> _REQUIRED WORK_: Only text is carried over. Reproduce the entries below exactly.

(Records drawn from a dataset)

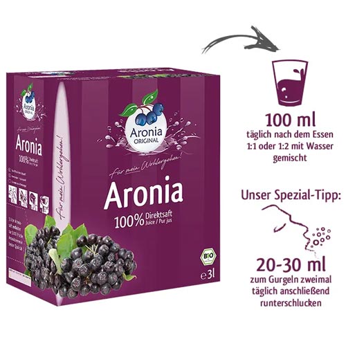 Getreu dem Leitsatz „Jeden Tag ein bißchen Aronia“ empfehlen wir 100 ml Aronia-Direktsaft täglich nach dem Essen einzunehmen: Entweder pur oder mit einem guten Wasser für eine köstlich-fruchtige und durststillende Saftschorle gemischt. Zudem kann der Saft als Basis für köstliche Smoothies, süße Soßen oder als fruchtige Komponente in herzhaften Speisen verwendet werden.
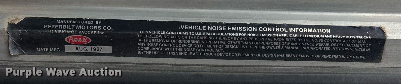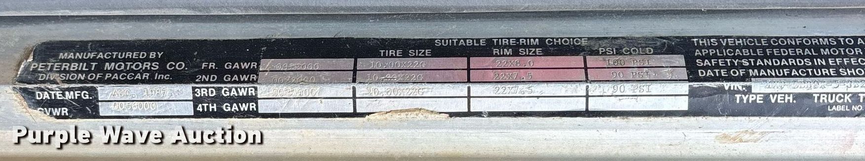 Purple Wave is selling a used Construction Dump Truck in Oklahoma. This item is a 1988 Peterbilt dump truck with the following: Miles: 89,733 on odometer, Actual mileage unknown, Hours: 3,202 on meter, VIN: 1XP5DB9X5JD253393
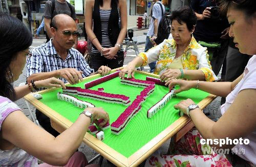 九月五日,首屆“世界麻將大賽”冠軍許宗澧在記者會(huì)上與其它選手比較高下。第二屆“世界麻將大賽”將于九月十九日至二十一日在澳門舉行,提供麻將競(jìng)賽有史以來(lái)的最高額獎(jiǎng)金一百萬(wàn)美元。中新社發(fā) 譚達(dá)明 攝
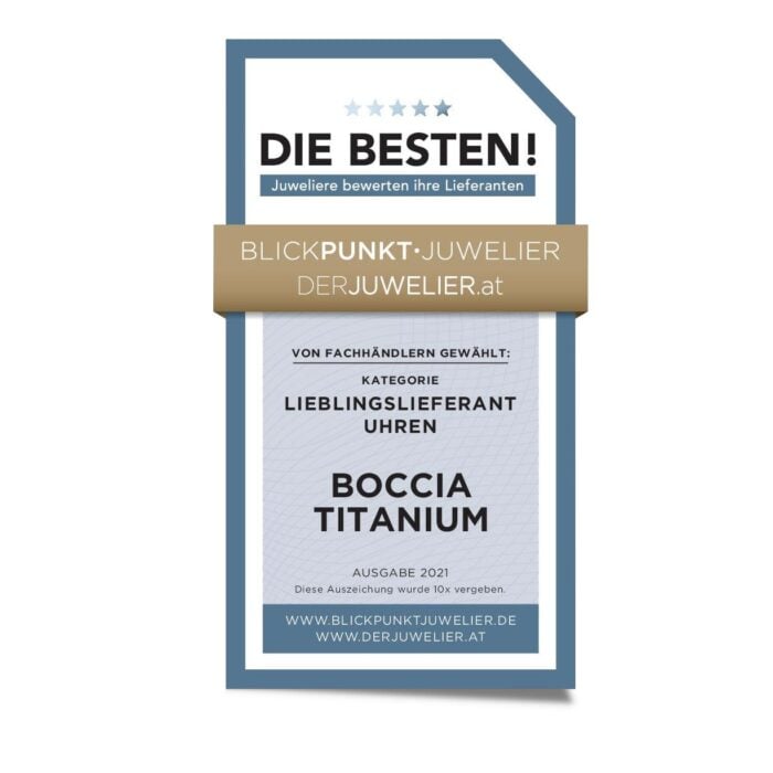 Wir von Boccia Titanium freuen uns sehr darüber, dieses Jahr sogar gleich in drei Kategorien gewonnen und die meisten Stimmen hunderter befragter Juweliere erhalten zu haben. Neben den Top-Platzierungen als „Fachhandelsmarke Uhren“, „Konstanter Uhrenpartner 2020“ und „Lieblingslieferant-Uhren“, gab es zusätzlich die Auszeichnung der sogenannten „Königs-Kategorie“ als „Lieblingslieferant“.
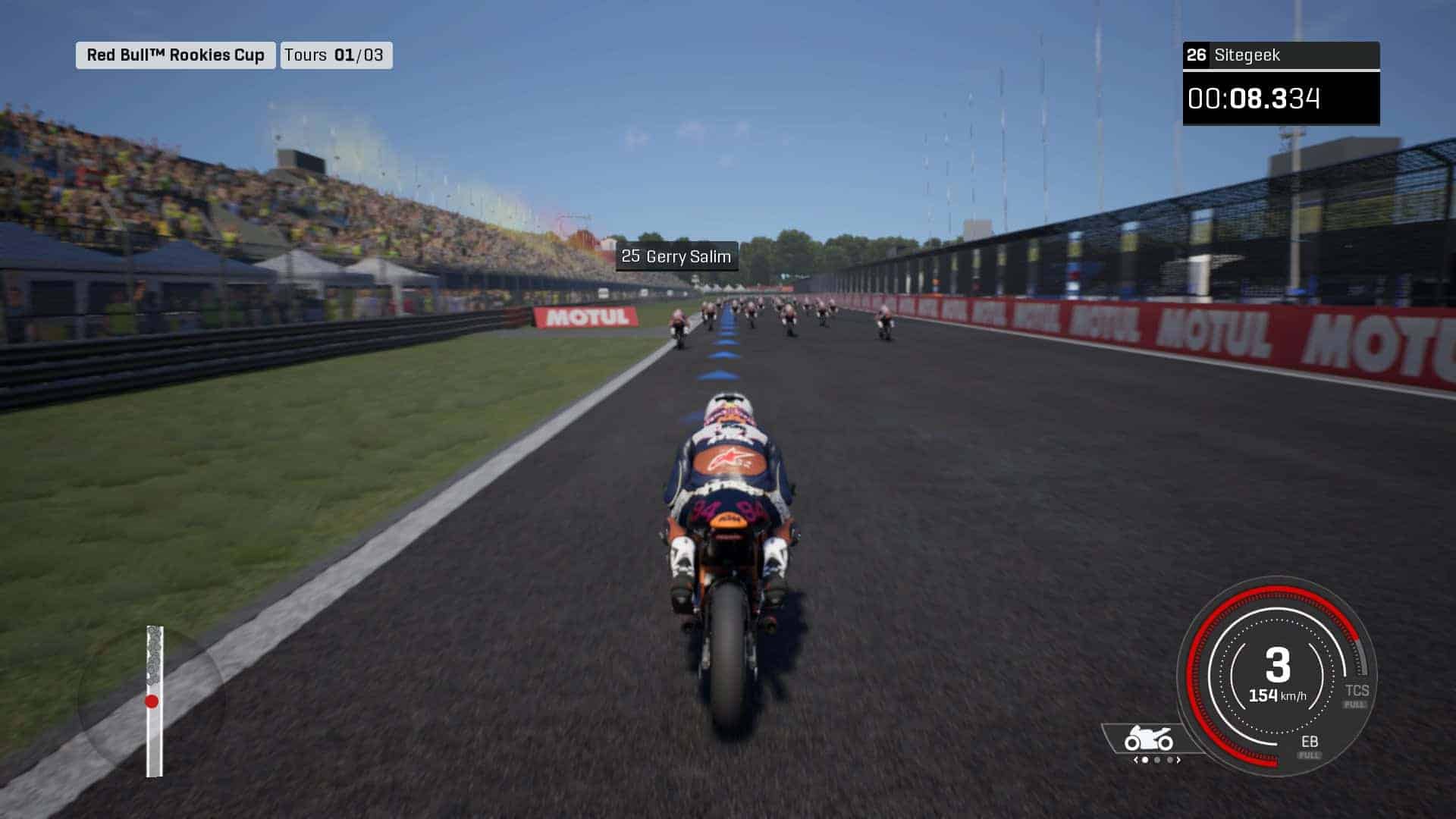 Une fois vos choix faits, chacun de ceux-ci se ressentira dans votre pilotage. Celui-ci est extrêmement précis et pour peu que vous augmentiez un peu le niveau de l’IA, le challenge sera vraiment au rendez-vous. On ressent carrément les effets de sur/sous-virage ainsi que le transfert des masses, chose assez rare sur un jeu de moto car pas forcément évidente à reproduire. Un vrai bon point donc.
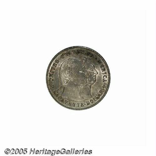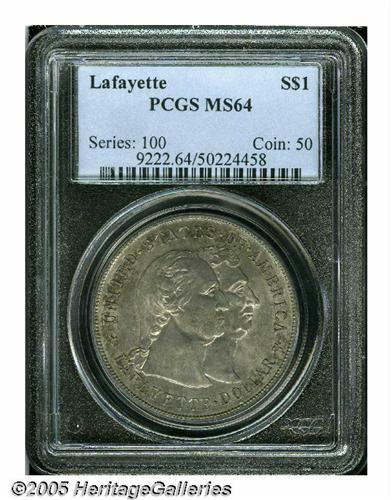 <B>1900<S$1> Lafayette Dollar MS64 PCGS.</B></I> DuVall 2-C. Lavender and golden-gray colors embrace this lustrous and crisply struck near-Gem. Thorough study locates a couple of unimportant marks near Washington's jaw, but overall, unusually clean for this conditionally scarce early Commemorative type.
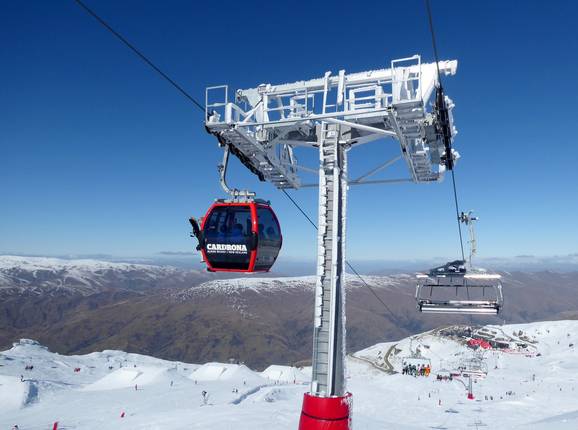 Weites Skigelände am Captain's Express Kombibahn mit Base Area Cardrona Blick von der Base Area zum Whitestar Express Skigebiet Cardrona mit Snowpark
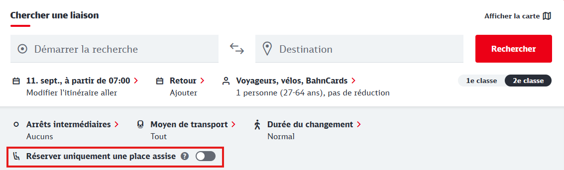 Les trains du trafic local sont souvent exploités par d’autres opérateurs qui n’acceptent pas le FIP. Dans la recherche d’itinéraire de la DB, tous les opérateurs sont indiqués. Seuls les trains avec DB dans le nom de l’opérateur dans les informations de trajet peuvent être utilisés avec FIP.
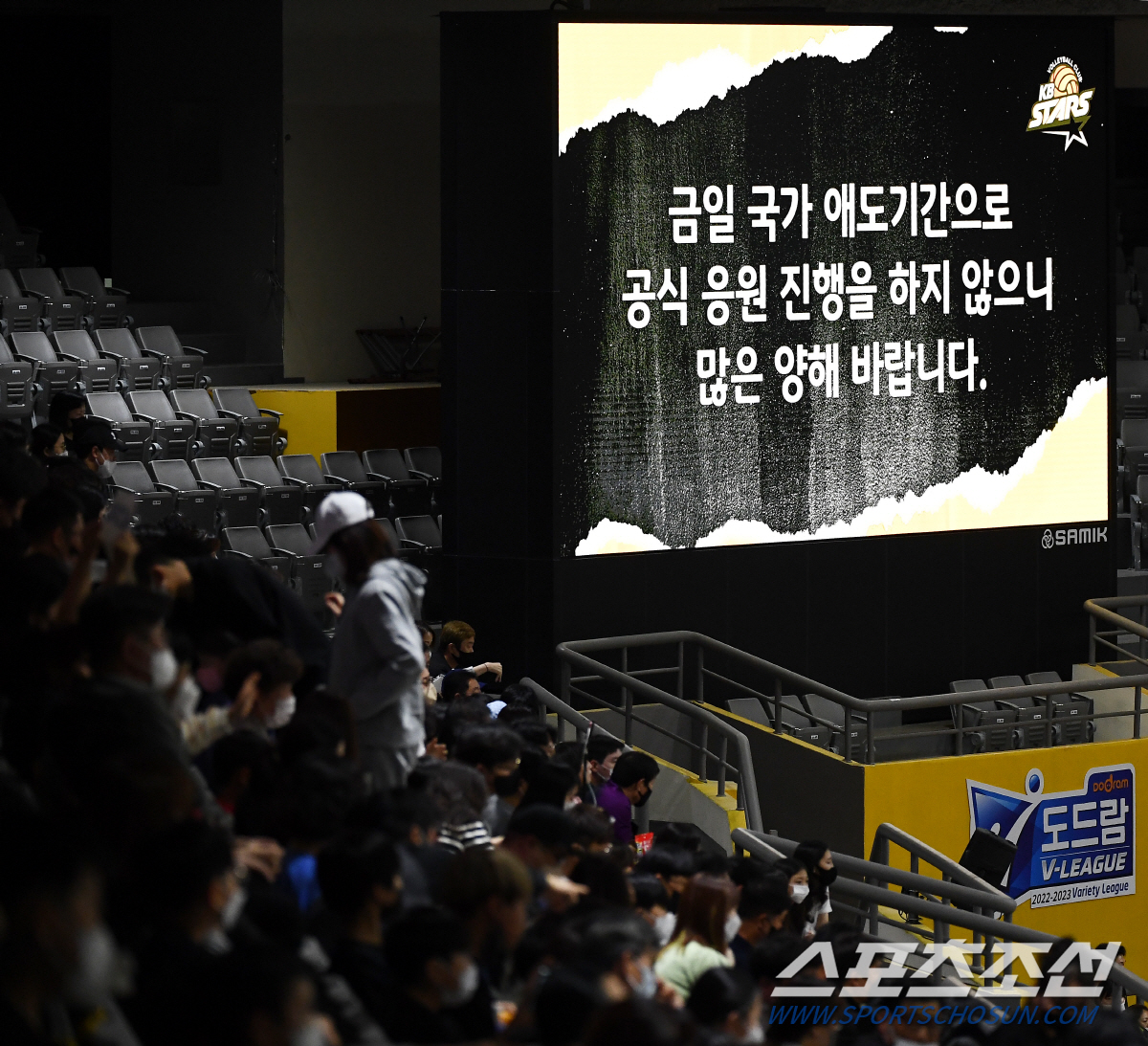 한국배구연맹은은 30일 "이태원 사고에 대한 국가 애도 기간의 종료인 11월 5일 자정까지 희생자를 추모하기 위해 출전 선수 전원이 검은리본을 착용하고, 경기 전 추모 묵념 등 관련 조치를 시행한다. 응원 단장, 치어리더, 장내 아나운서 등 응원 주도는 자제될 예정"고 발표했다.
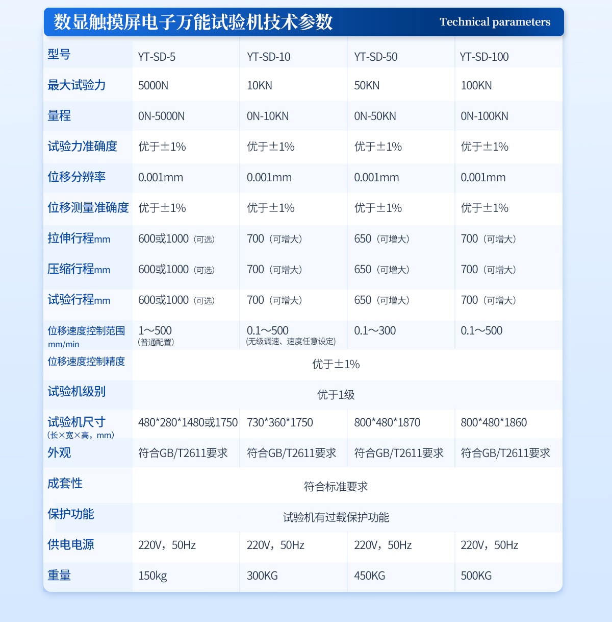 | 1、**試驗力:10KN; | 2、量 程:100N-10KN; | 3、試驗力準(zhǔn)確度;優(yōu)于±1% | 4、位移分辨率:0.001mm; | 5、位移測量準(zhǔn)確度:優(yōu)于±1%; | 6、拉伸行程:800mm | 7、壓縮行程:800mm | 8、試驗行程:800mm | 9、位移速度控制范圍: 0.1~500mm/min | 10、位移速度控制精度:優(yōu)于±1%; | 11、試驗機級別:優(yōu)于1級 | 12、試驗過程及測量、顯示、分析、控制等均由微機完成 | 13、可滿足應(yīng)力、應(yīng)變、位移等控制方式 | 14、試樣破壞后,移動橫梁自動停止移動(或自動返回初始位置) | 15、具有程控和機械兩級限位保護(hù) | 16、當(dāng)負(fù)荷超過額定值3~5%時,自動停機 | 17、試驗機尺寸:730*360*1750 mm | 18、外觀:符合GB/T2611要求 | 19、成套性:符合標(biāo)準(zhǔn)要求 | 20、保護(hù)功能:試驗機有過載、限位保護(hù)功能 | 21、供電電源:220V,50Hz,1500W | 22、重量:260KG |
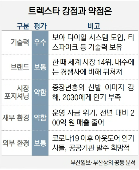 부산일보와 부산상공회의소 기업동향분석센터가 공동으로 트렉스타의 기업 가치와 미래 가능성 등을 점검하는 기업 분석 작업을 진행한 결과, 트렉스타는 여전히 뛰어난 기술력 등 장점이 많은 기업이었다. 기술력은 글로벌 시장에도 여전히 통했다. 기술력 덕분에 브랜드 인지도는 높았다.
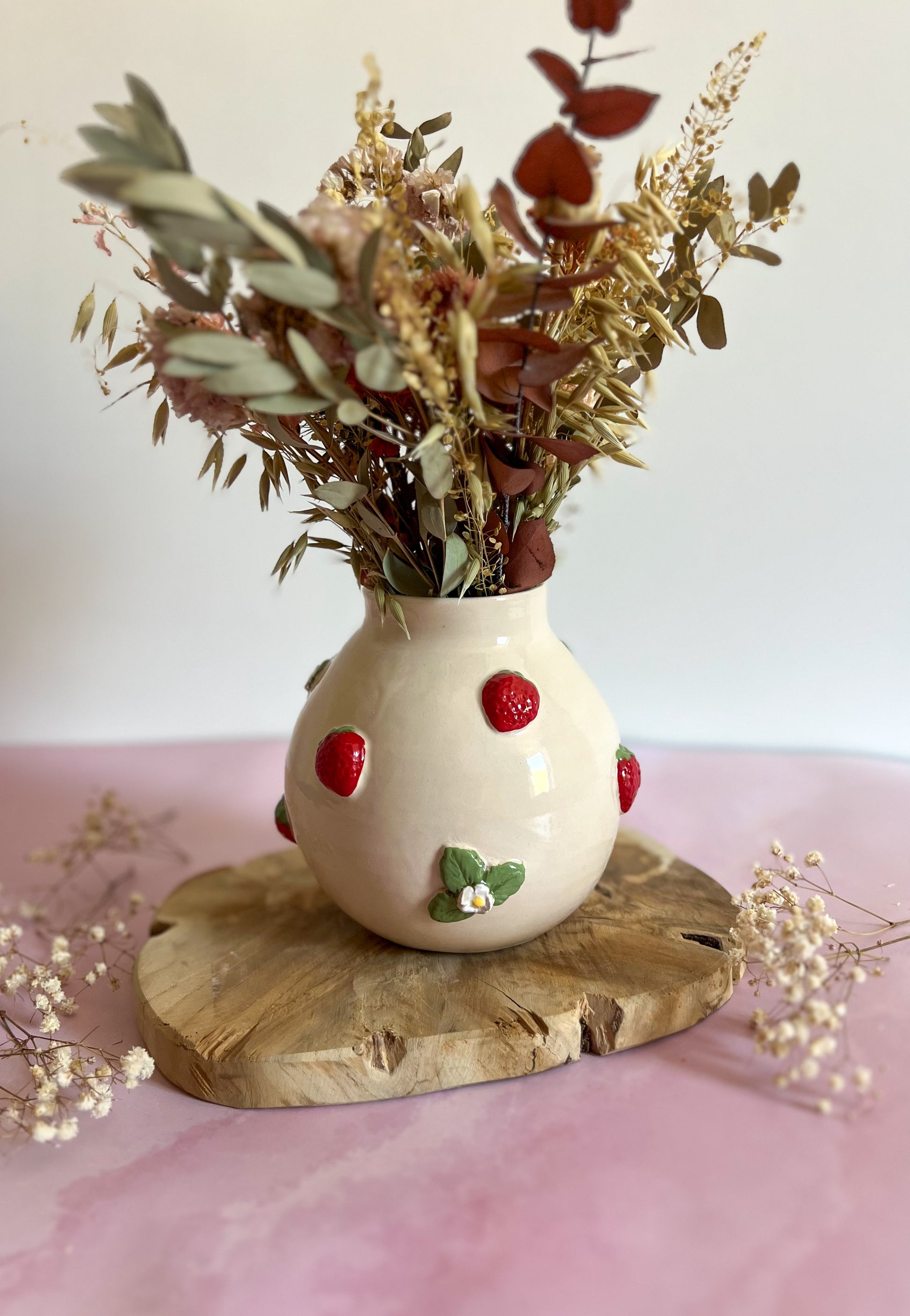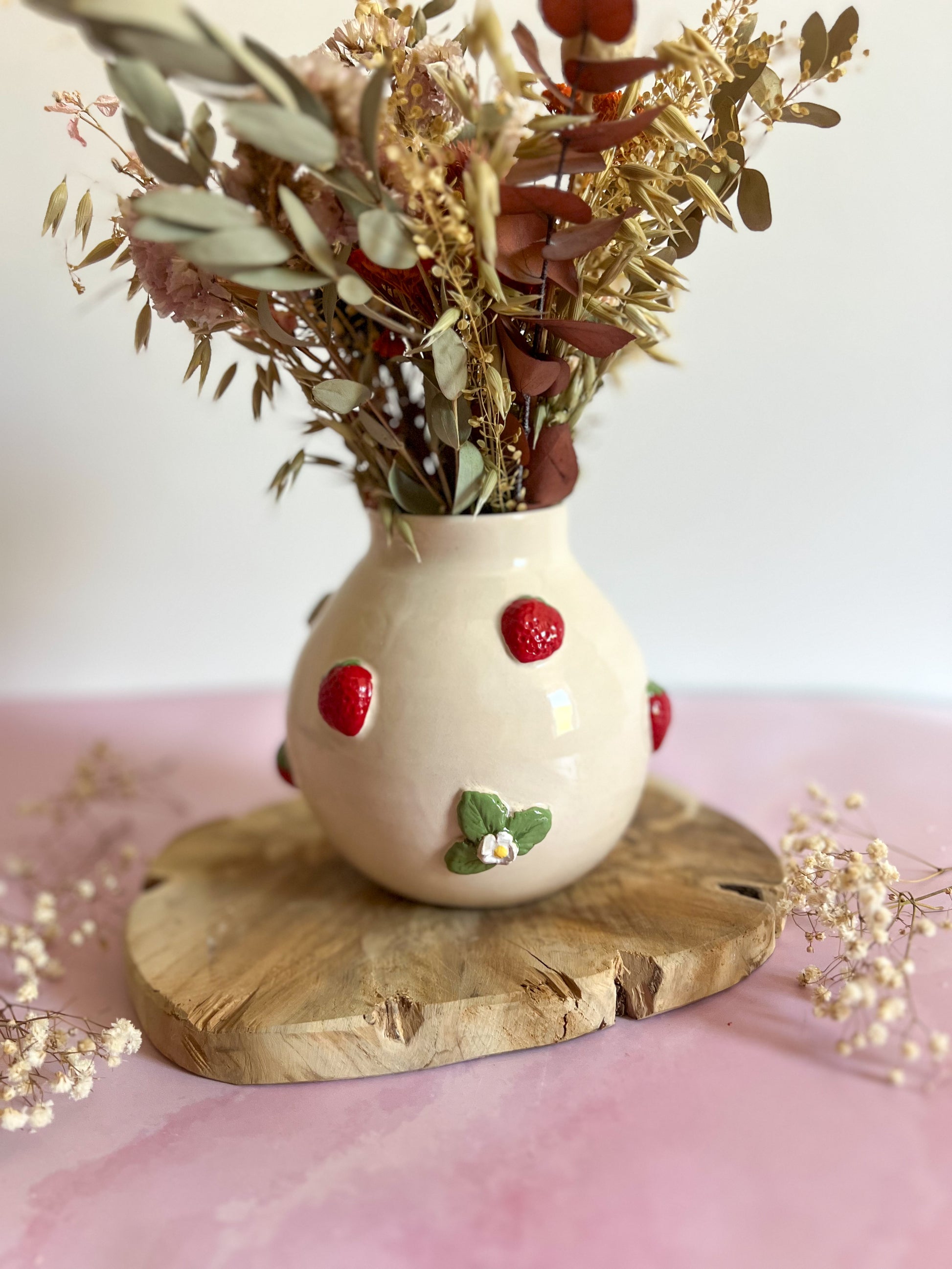 🍓 Vase rond fraises – pièce unique en céramique 🌿

> _TASK RESPONSE_:
 Getreu dem Leitsatz „Jeden Tag ein bißchen Aronia“ empfehlen wir 100 ml Aronia-Direktsaft täglich nach dem Essen einzunehmen: Entweder pur oder mit einem guten Wasser für eine köstlich-fruchtige und durststillende Saftschorle gemischt. Zudem kann der Saft als Basis für köstliche Smoothies, süße Soßen oder als fruchtige Komponente in herzhaften Speisen verwendet werden.
 Purple Wave is selling a used Construction Dump Truck in Oklahoma. This item is a 1988 Peterbilt dump truck with the following: Miles: 89,733 on odometer, Actual mileage unknown, Hours: 3,202 on meter, VIN: 1XP5DB9X5JD253393
 九月五日,首屆“世界麻將大賽”冠軍許宗澧在記者會(huì)上與其它選手比較高下。第二屆“世界麻將大賽”將于九月十九日至二十一日在澳門舉行,提供麻將競(jìng)賽有史以來(lái)的最高額獎(jiǎng)金一百萬(wàn)美元。中新社發(fā) 譚達(dá)明 攝
 Wir von Boccia Titanium freuen uns sehr darüber, dieses Jahr sogar gleich in drei Kategorien gewonnen und die meisten Stimmen hunderter befragter Juweliere erhalten zu haben. Neben den Top-Platzierungen als „Fachhandelsmarke Uhren“, „Konstanter Uhrenpartner 2020“ und „Lieblingslieferant-Uhren“, gab es zusätzlich die Auszeichnung der sogenannten „Königs-Kategorie“ als „Lieblingslieferant“.
 Une fois vos choix faits, chacun de ceux-ci se ressentira dans votre pilotage. Celui-ci est extrêmement précis et pour peu que vous augmentiez un peu le niveau de l’IA, le challenge sera vraiment au rendez-vous. On ressent carrément les effets de sur/sous-virage ainsi que le transfert des masses, chose assez rare sur un jeu de moto car pas forcément évidente à reproduire. Un vrai bon point donc.
 <B>1900<S$1> Lafayette Dollar MS64 PCGS.</B></I> DuVall 2-C. Lavender and golden-gray colors embrace this lustrous and crisply struck near-Gem. Thorough study locates a couple of unimportant marks near Washington's jaw, but overall, unusually clean for this conditionally scarce early Commemorative type.
 Weites Skigelände am Captain's Express Kombibahn mit Base Area Cardrona Blick von der Base Area zum Whitestar Express Skigebiet Cardrona mit Snowpark
 Les trains du trafic local sont souvent exploités par d’autres opérateurs qui n’acceptent pas le FIP. Dans la recherche d’itinéraire de la DB, tous les opérateurs sont indiqués. Seuls les trains avec DB dans le nom de l’opérateur dans les informations de trajet peuvent être utilisés avec FIP.
 한국배구연맹은은 30일 "이태원 사고에 대한 국가 애도 기간의 종료인 11월 5일 자정까지 희생자를 추모하기 위해 출전 선수 전원이 검은리본을 착용하고, 경기 전 추모 묵념 등 관련 조치를 시행한다. 응원 단장, 치어리더, 장내 아나운서 등 응원 주도는 자제될 예정"고 발표했다.
 | 1、**試驗力:10KN; | 2、量 程:100N-10KN; | 3、試驗力準(zhǔn)確度;優(yōu)于±1% | 4、位移分辨率:0.001mm; | 5、位移測量準(zhǔn)確度:優(yōu)于±1%; | 6、拉伸行程:800mm | 7、壓縮行程:800mm | 8、試驗行程:800mm | 9、位移速度控制范圍: 0.1~500mm/min | 10、位移速度控制精度:優(yōu)于±1%; | 11、試驗機級別:優(yōu)于1級 | 12、試驗過程及測量、顯示、分析、控制等均由微機完成 | 13、可滿足應(yīng)力、應(yīng)變、位移等控制方式 | 14、試樣破壞后,移動橫梁自動停止移動(或自動返回初始位置) | 15、具有程控和機械兩級限位保護(hù) | 16、當(dāng)負(fù)荷超過額定值3~5%時,自動停機 | 17、試驗機尺寸:730*360*1750 mm | 18、外觀:符合GB/T2611要求 | 19、成套性:符合標(biāo)準(zhǔn)要求 | 20、保護(hù)功能:試驗機有過載、限位保護(hù)功能 | 21、供電電源:220V,50Hz,1500W | 22、重量:260KG |
 부산일보와 부산상공회의소 기업동향분석센터가 공동으로 트렉스타의 기업 가치와 미래 가능성 등을 점검하는 기업 분석 작업을 진행한 결과, 트렉스타는 여전히 뛰어난 기술력 등 장점이 많은 기업이었다. 기술력은 글로벌 시장에도 여전히 통했다. 기술력 덕분에 브랜드 인지도는 높았다.
 🍓 Vase rond fraises – pièce unique en céramique 🌿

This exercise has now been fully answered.